▶ _Problem requirements_:
Using the data below, transcribe exactly everything from the line that contains "小小二维码,海纳多种涉企场景" down to the line that contains "前期有黯灵龙的弈子直接留,可". Include both of those lines and none of the pictures.

▶ _Data under study_:
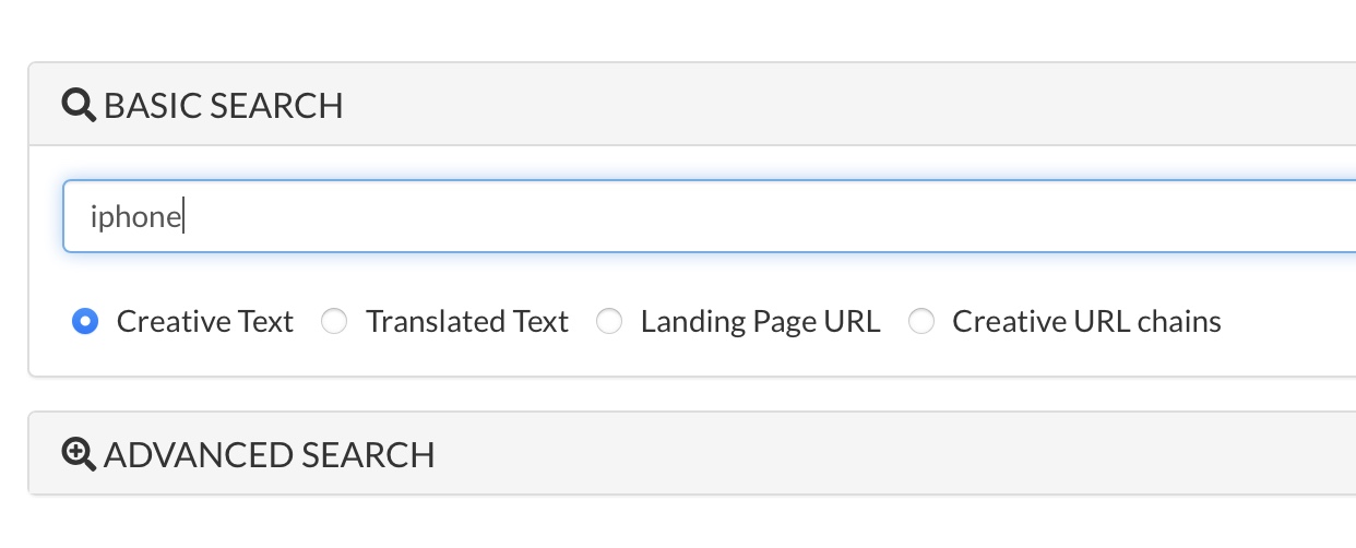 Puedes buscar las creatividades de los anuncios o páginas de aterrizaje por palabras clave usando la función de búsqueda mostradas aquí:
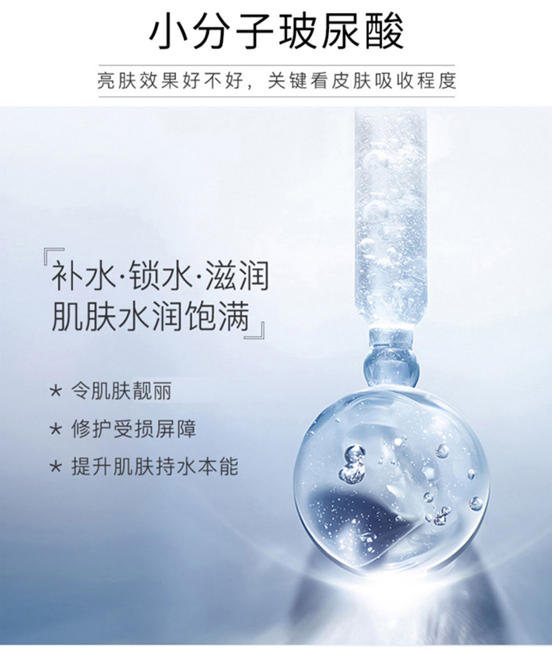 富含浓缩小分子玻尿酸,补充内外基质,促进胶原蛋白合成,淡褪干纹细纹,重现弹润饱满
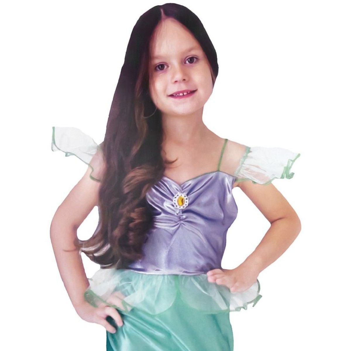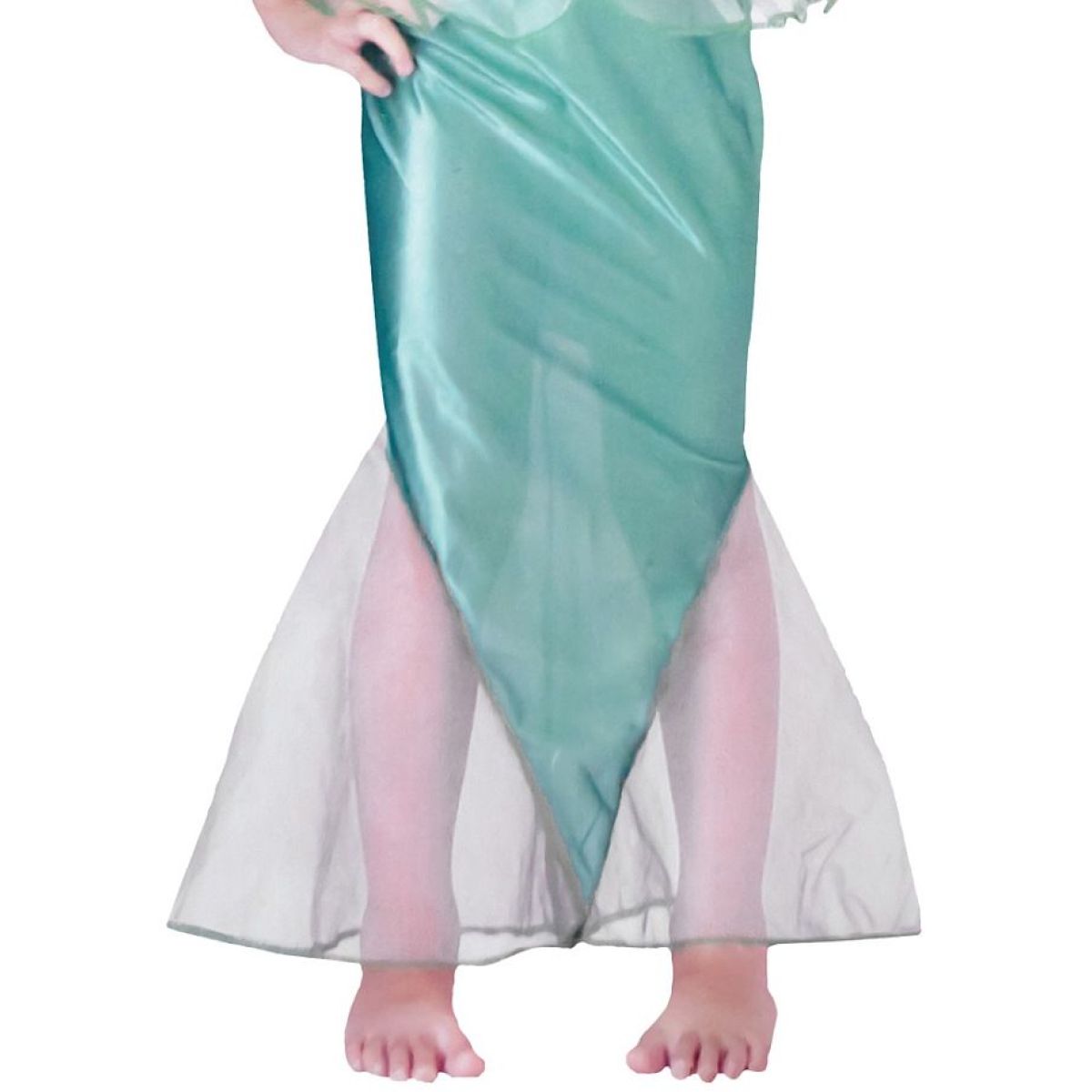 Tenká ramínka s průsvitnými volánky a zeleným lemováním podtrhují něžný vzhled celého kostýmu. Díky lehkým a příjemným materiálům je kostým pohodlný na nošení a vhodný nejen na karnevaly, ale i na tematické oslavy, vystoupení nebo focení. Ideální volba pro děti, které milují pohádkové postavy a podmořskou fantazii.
...
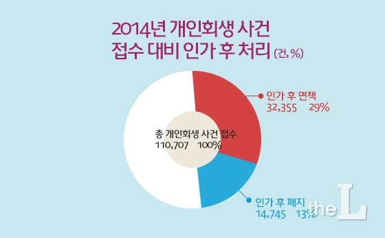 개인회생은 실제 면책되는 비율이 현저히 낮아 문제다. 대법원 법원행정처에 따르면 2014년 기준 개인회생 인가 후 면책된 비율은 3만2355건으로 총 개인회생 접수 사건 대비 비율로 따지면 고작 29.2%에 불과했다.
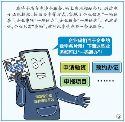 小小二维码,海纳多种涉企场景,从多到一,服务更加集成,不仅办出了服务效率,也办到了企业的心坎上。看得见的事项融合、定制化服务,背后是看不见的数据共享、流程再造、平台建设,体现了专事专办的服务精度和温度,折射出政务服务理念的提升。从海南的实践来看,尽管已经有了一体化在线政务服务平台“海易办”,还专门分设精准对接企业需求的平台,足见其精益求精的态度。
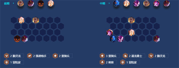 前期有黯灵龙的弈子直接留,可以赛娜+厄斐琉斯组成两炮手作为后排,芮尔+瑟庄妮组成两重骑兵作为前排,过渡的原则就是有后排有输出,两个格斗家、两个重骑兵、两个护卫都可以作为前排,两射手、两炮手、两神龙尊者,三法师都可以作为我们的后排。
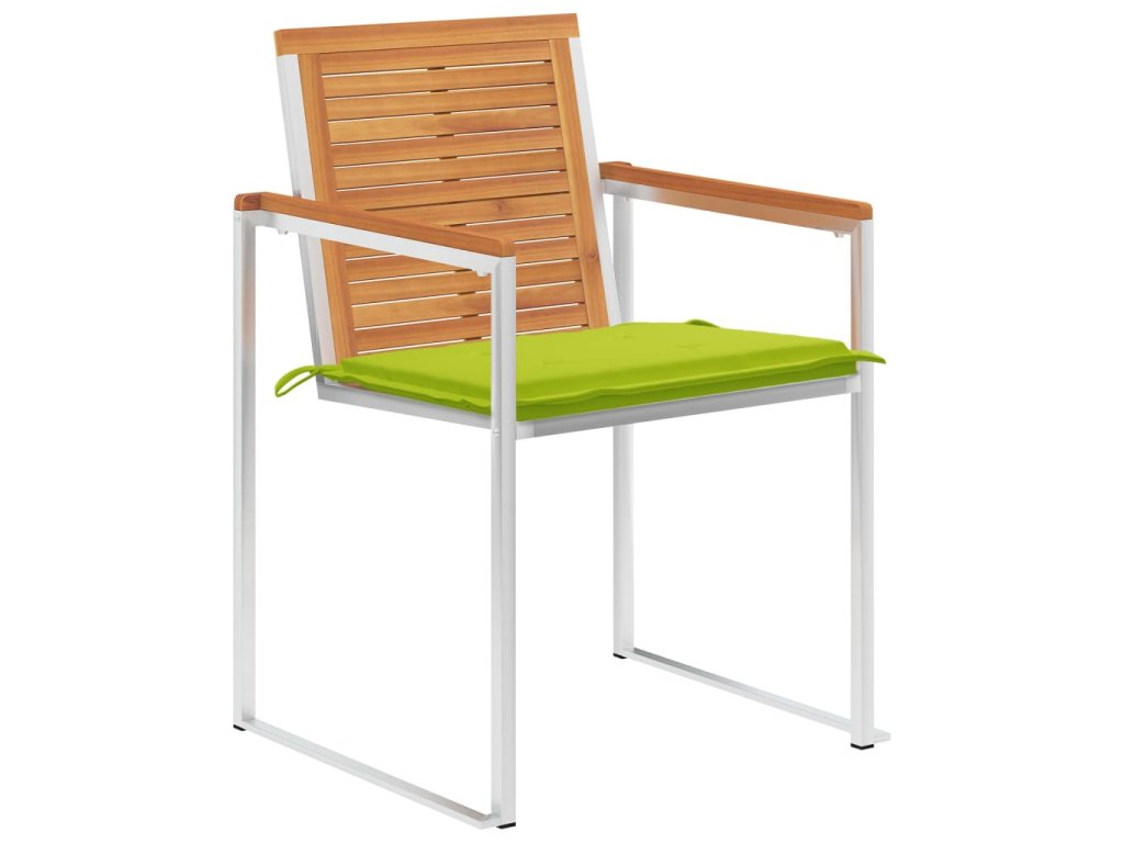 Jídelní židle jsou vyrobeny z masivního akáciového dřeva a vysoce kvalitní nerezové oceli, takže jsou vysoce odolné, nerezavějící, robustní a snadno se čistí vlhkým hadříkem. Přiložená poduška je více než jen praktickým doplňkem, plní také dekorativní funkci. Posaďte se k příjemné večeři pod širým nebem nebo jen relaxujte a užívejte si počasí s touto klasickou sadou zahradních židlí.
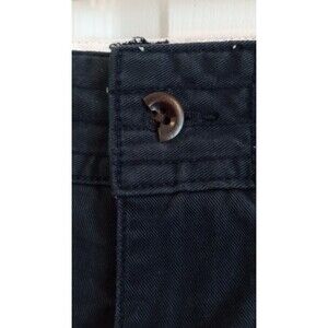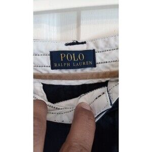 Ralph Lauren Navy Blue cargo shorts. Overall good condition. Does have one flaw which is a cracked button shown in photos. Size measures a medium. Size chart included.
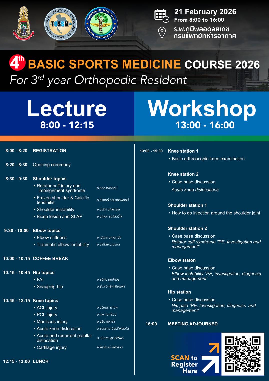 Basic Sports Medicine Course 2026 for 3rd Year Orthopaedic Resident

▶ _Answer box_:
 小小二维码,海纳多种涉企场景,从多到一,服务更加集成,不仅办出了服务效率,也办到了企业的心坎上。看得见的事项融合、定制化服务,背后是看不见的数据共享、流程再造、平台建设,体现了专事专办的服务精度和温度,折射出政务服务理念的提升。从海南的实践来看,尽管已经有了一体化在线政务服务平台“海易办”,还专门分设精准对接企业需求的平台,足见其精益求精的态度。
 前期有黯灵龙的弈子直接留,可以赛娜+厄斐琉斯组成两炮手作为后排,芮尔+瑟庄妮组成两重骑兵作为前排,过渡的原则就是有后排有输出,两个格斗家、两个重骑兵、两个护卫都可以作为前排,两射手、两炮手、两神龙尊者,三法师都可以作为我们的后排。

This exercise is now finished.